Роган уже потерял чувство времени. Как он вообще ориентировался в этой непроглядной тьме? Он забыл обо всех мертвецах, которых нашёл, о костяной ухмылке Беннигсена, о Реньяре, покоящемся под камнями рядом с изувеченным арктаном, о трупе без головы, который он не смог опознать, забыл даже о туче. Тьма душила его, от неё набухли кровью глаза, тщетно ищущие широкое звёздное небо пустыни, песчаные просторы которой сулили спасение. Он бежал вслепую, глаза заливал солёный пот, его несла какая-то сила, и он иногда ещё способен был удивляться, что эта сила всё никак не иссякает. Этот бег, эта ночь, казалось, не имели конца. Он ничего уже, собственно, не видел, когда вдруг его ноги стали двигаться всё тяжелее, куда-то проваливаться, безграничное отчаяние охватило его, он поднял голову и вдруг понял, что оказался в пустыне. Роган ещё увидел звёзды над горизонтом, потом, когда уже ноги сами подгибались под ним, поискал взглядом циферблатик индикатора, но не увидел его: циферблат потемнел, замолчал, незримая смерть осталась позади, в глубине залитого лавой ущелья. Это была последняя его мысль, потому что едва он ощутил на щеке шершавый холод песка, как сразу погрузился не в сон, а в оцепенение, в каком всё его тело ещё отчаянно работало, рёбра ходуном ходили, сердце колотилось, но сквозь этот мрак полнейшего изнурения он уплывал в другой, ещё более глубокий, и наконец потерял сознание.

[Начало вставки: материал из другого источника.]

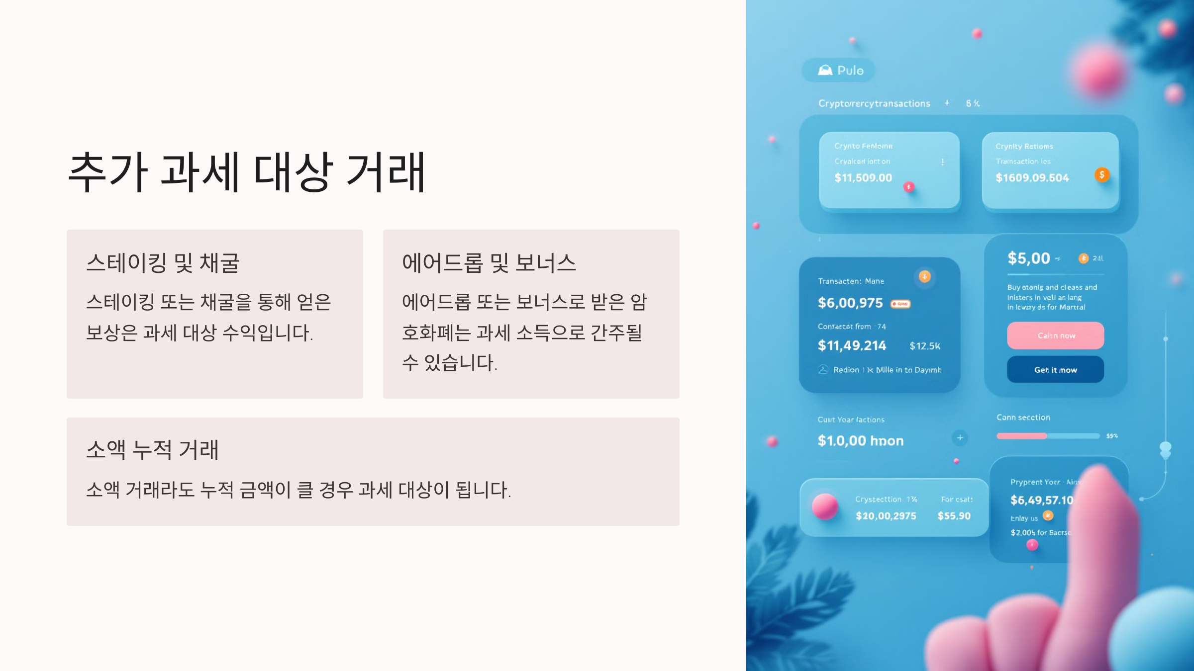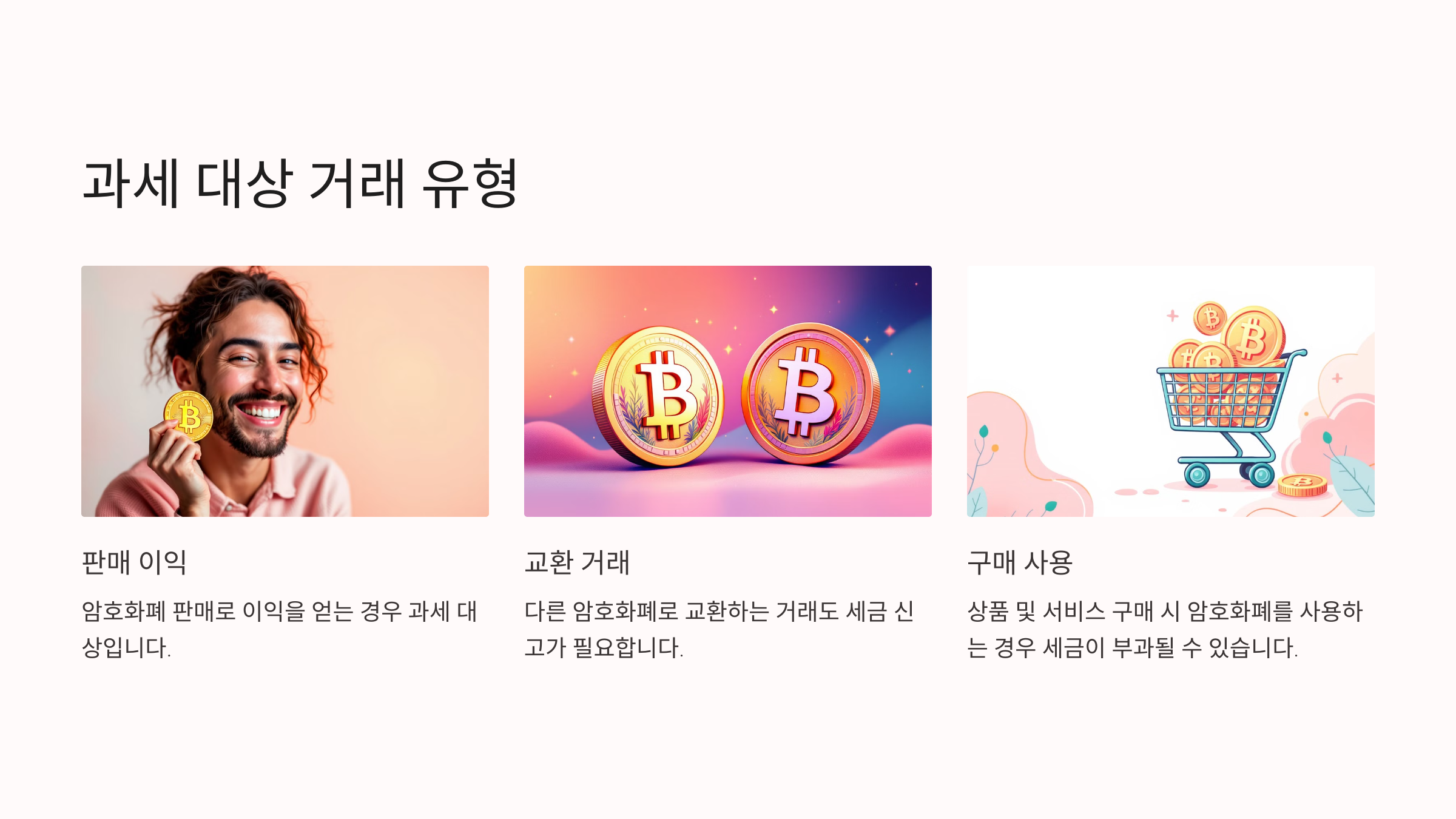 암호화폐의 유형과 용도(투자, 결제 등)에 따라 세금 적용이 다릅니다.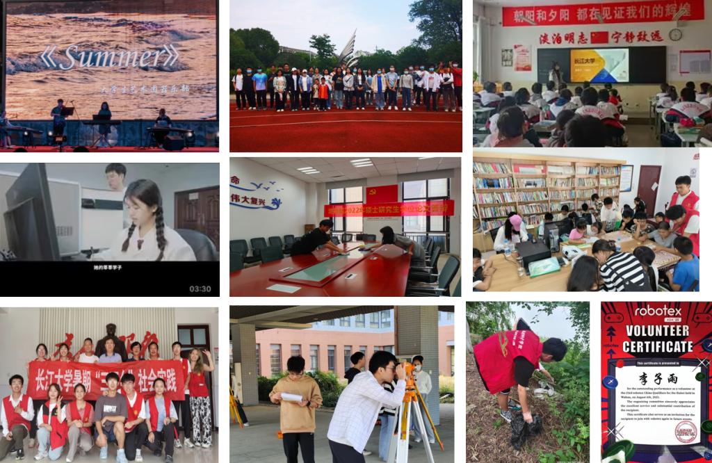同时大家积极参与社会实践活动、志愿活动,如组织策划能源文化节闭幕式表演、参加姚家林小学支教活动、多次组织参与各项羽毛球比赛并担任主裁、回访母校宣讲、代表地科院参与学校的百生讲坛总决赛、作为地科院学生代表出席yl7703永利集团第五次学生代表大会、参与20年校庆视频拍摄、办公室卫生打扫、校园清扫、暑期三下乡社会实践、担任第23赛季Robotex湖北省赛区武汉站的志愿者、2023级新生迎新、受邀给全体地科院同学进行暑期社会实践宣讲等。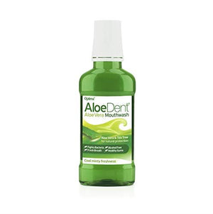 Aloe Dent Mouthwash is a minty fresh, alcohol free, saccharin free mouthwash alternative. It provides total protection, fights plaque and bacteria to help maintain strong teeth and healthy gums. Aloe Dent Mouthwash is made using natural ingredients tea tree and grapefruit seed extract which act as natural antiseptic and antibacterial. Aloe Dent mouthwash is free from alcohol and saccharin. Using 100% Aloe Vera and these pure essential oils, Aloe Dent provides a natural and soothing antibacterial action plus minty fresh breath. The herbs and vitamins combine to promote healthy gums and strong teeth. UsageFill cap, rinse around mouth thoroughly for a minute and spit out. Ingredients: Aqua, Aloe Barbadensis, Sorbitol, Polysorbate 20, Citrus Paradisi (Grapefruit Seed Extract), Mentha Piperita, Sodium Lauroyl Sarcosinate, Aroma Menthol, Melaleuca Alternifolia (Tea Tree Oil), Phytonadione (Vitamin K), Escin (Horse Chestnut), Centella Asiatica (Indian Pennywort), Xylitol Sodium Hydroxymethylglycinate, Citric Acid, CI 75810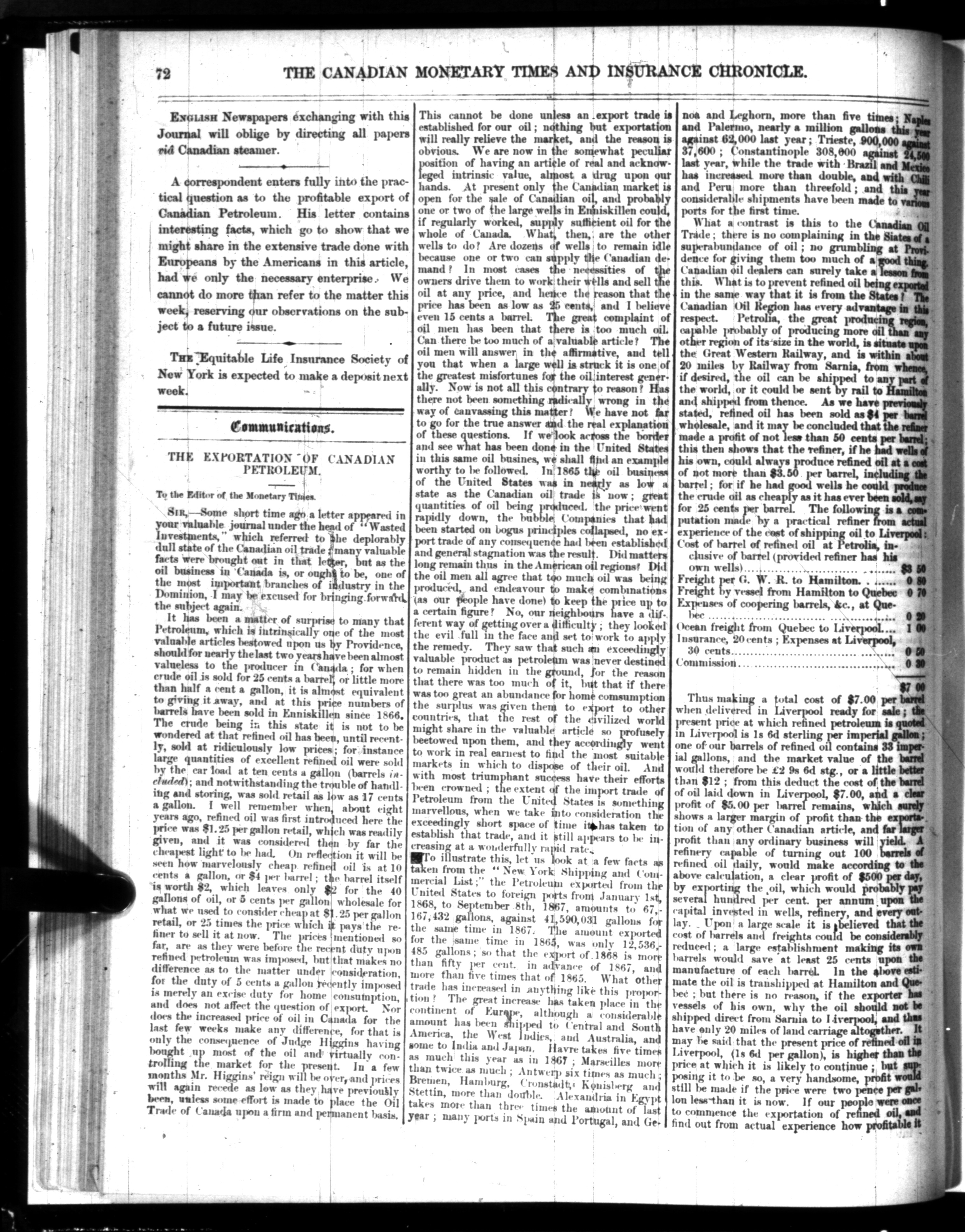 The Canadian Monetary Times and insurance chronicle : Vol. II, No. 5 (September 17, 1868)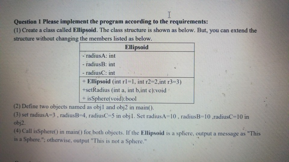 Solved I Question 1 Please implement the program according | Chegg.com

Роган внезапно очнулся, не понимая, где находится. Пошевелил руками, ощутил холод песка, струящегося меж пальцами, сел и невольно простонал. Нечем было дышать. Сознание вернулось к нему. Светящаяся стрелка манометра стояла на нуле. В другом баллоне ещё было восемнадцать атмосфер. Он отвернул вентиль и встал. Был час ночи. Острые лучи звёзд сверкали в чёрном небе. Он определил по компасу направление и пошёл вперёд. В три часа он принял последнюю таблетку. Незадолго до четырёх кончился кислород. Тогда он отшвырнул кислородный прибор. Сначала дышал осторожно, недоверчиво, но когда холодный предрассветный воздух ворвался в его лёгкие, он зашагал бодрее, стараясь не думать ни о чём, кроме этого перехода через песчаные волны, в которых он утопал иной раз по колени. Он словно опьянел, но не знал, от чего это — от атмосферных газов или просто от усталости. Он подсчитал, что если будет делать по четыре километра в час, то доберётся до корабля часам к одиннадцати утра. Пробовал проконтролировать свой темп на шагомере, но ничего не получилось.
Млечный Путь исполинской белой полосой делил купол неба на две неровные части. Роган уже так привык к слабому звёздному свету, что благодаря ему обходил большие дюны. Он всё брёл и брёл, пока не заметил на горизонте какой-то угловатый силуэт, воспринимавшийся как беззвёздное пространство странно правильной формы. Ещё не успев понять, что это такое, он уже повернул в ту сторону и бежал, проваливаясь всё глубже, но даже не чувствуя этого, пока протянутыми руками, как слепой, не ударился о твёрдый металл. Это был вездеход, пустой вездеход, возможно, один из тех, которые вчера утром выслал Горпах, а может, другой какой-нибудь, брошенный группой Реньяра. Роган не раздумывал над этим, он просто стоял, задыхаясь, обеими руками обняв приплюснутый лоб машины. Усталость тянула его к земле. Упасть около машины, заснуть рядом с ней, а утром, при солнце, двинуться в путь…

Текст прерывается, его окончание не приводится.